** SUPPLIED ENTRIES follows **

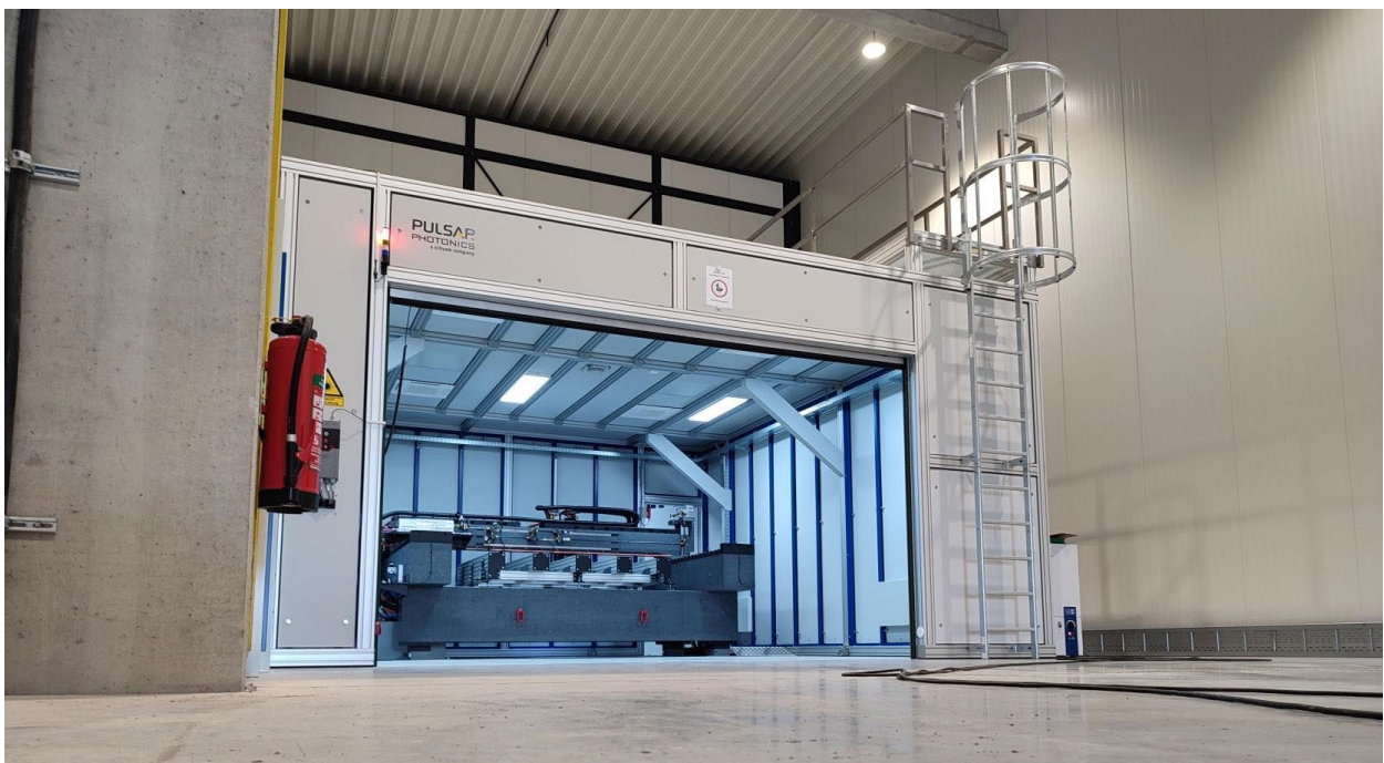
Abbildung 1: Brücken-Technologie: Das modulare Gantrysystem RDX2800 ermöglicht mit mehreren Arbeitsstationen die ultrapräzise Lasermikrobearbeitung von maximal 2,5 mal 1,5 Metern großen Flachbauteilen.

Im EU-Infrastrukturprojekt NextGenBat haben die Aachener bereits gezeigt, wie sich die Produktivität der Lasermikrobearbeitung erheblich steigern lässt. Sie entwickelten eine Rolle-zu-Rolle-Anlage, die Elektroden für Lithiumionen-Zellen trocknet und strukturiert. Die „MultiBeamMultiScanner“-Optik teilt dabei die Laserleistung in mehrere Teilstrahlen, um effizienter zu arbeiten. Den ersten Schritt zum Modulbaukasten macht das Unternehmen nun mit einem Pilotkunden. „Die industrielle Umsetzung im großen Maßstab ist der besondere Reiz“, erklärt Dr. Ryll. Geplant ist für den Pilotkunden eine Anlage, in der mehrere miteinander verkettete Arbeitsstationen die über zehn Quadratmeter große Oberfläche von flachen Bauteilen mit UKP-Laser und Multistrahls-technik mit mehreren Teilstrahlen präzise aufrauen und strukturieren.
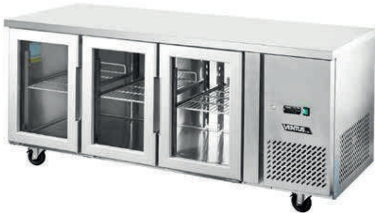
Controlador Digital Carel

Equipo ideal para preparación y refrigeración de productos
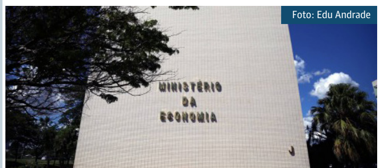
O Ministério da Economia tem seis meses para divulgar o edital do processo

Além disso, os profissionais vão trabalhar nos processos de compensação entre os regimes de Previdência e nas atividades de natureza administrativa do Departamento de Centralização de Inativos, Pensionistas e Órgãos Extintos (Decipex), do Ministério da Economia.
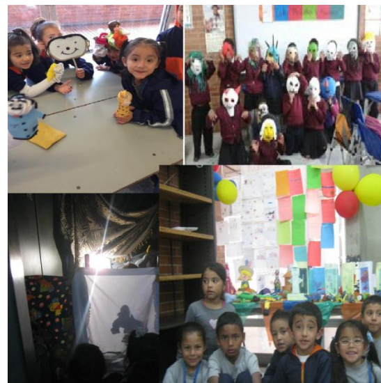
Ilustración 8, Evidencia, producto final.

- Muestra de diferentes elaboraciones de cada grupo.
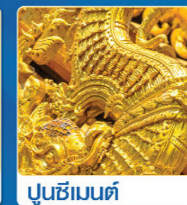
สีทองพื้นอะคริลิก สูตรน้ำ
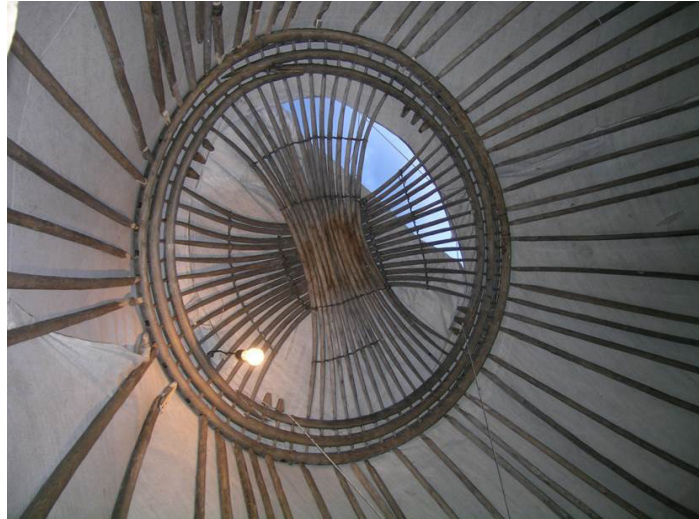
Fotoğraf:4 Yurt-alaçık-topak ev denilen çadır türüne ait bir Türkmen çadırının iç-dış-tavan görünümü örneği

( http://blog.kavrakoglu.com/tag/turk-cadiri/ )
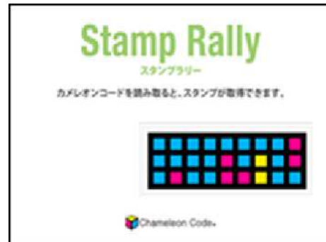
(ブースに掲示されるカメレオンコード)
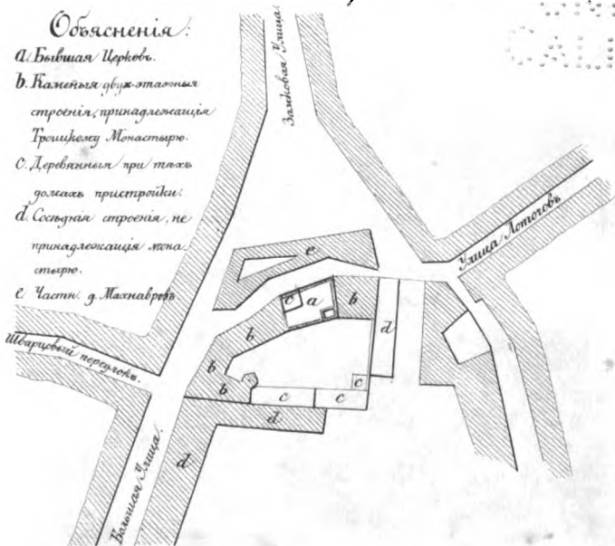
Планъ мѣстности Пятницкой церкви въ г. Вильно.
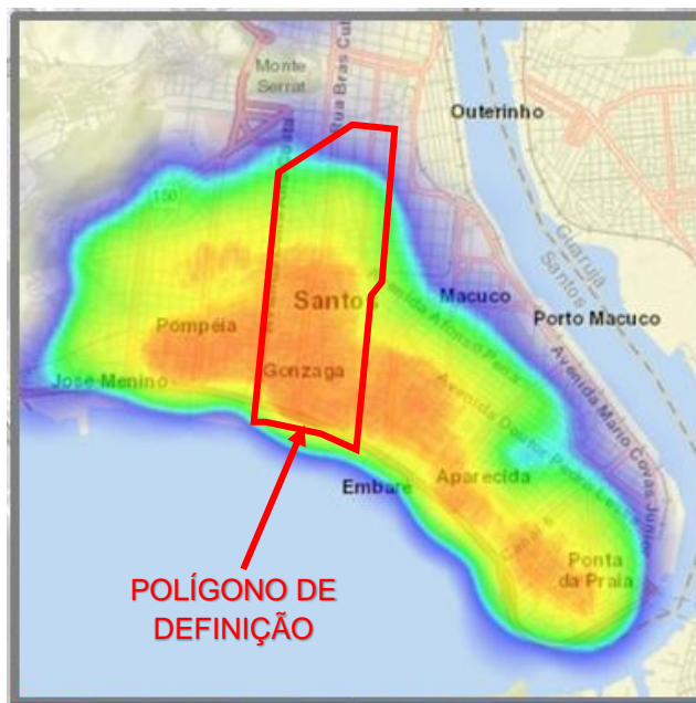
Figura 3 – Mancha de calor da concentração de profissionais na cidade de Santos

Como produto da análise, compatibilizando as informações e grau de importância dos parâmetros apontados pelos funcionários, pode-se definir um polígono composto de eixos viários, como perímetro que circunscribe um recorte da cidade como localidade ideal para possíveis ofertas.

** End of SUPPLIED ENTRIES **

WORK ITEM:
Go through the material above, and wherever a line holds the word "cidade", copy it.

RESULT FOR THIS EXERCISE:
Figura 3 – Mancha de calor da concentração de profissionais na cidade de Santos
Como produto da análise, compatibilizando as informações e grau de importância dos parâmetros apontados pelos funcionários, pode-se definir um polígono composto de eixos viários, como perímetro que circunscribe um recorte da cidade como localidade ideal para possíveis ofertas.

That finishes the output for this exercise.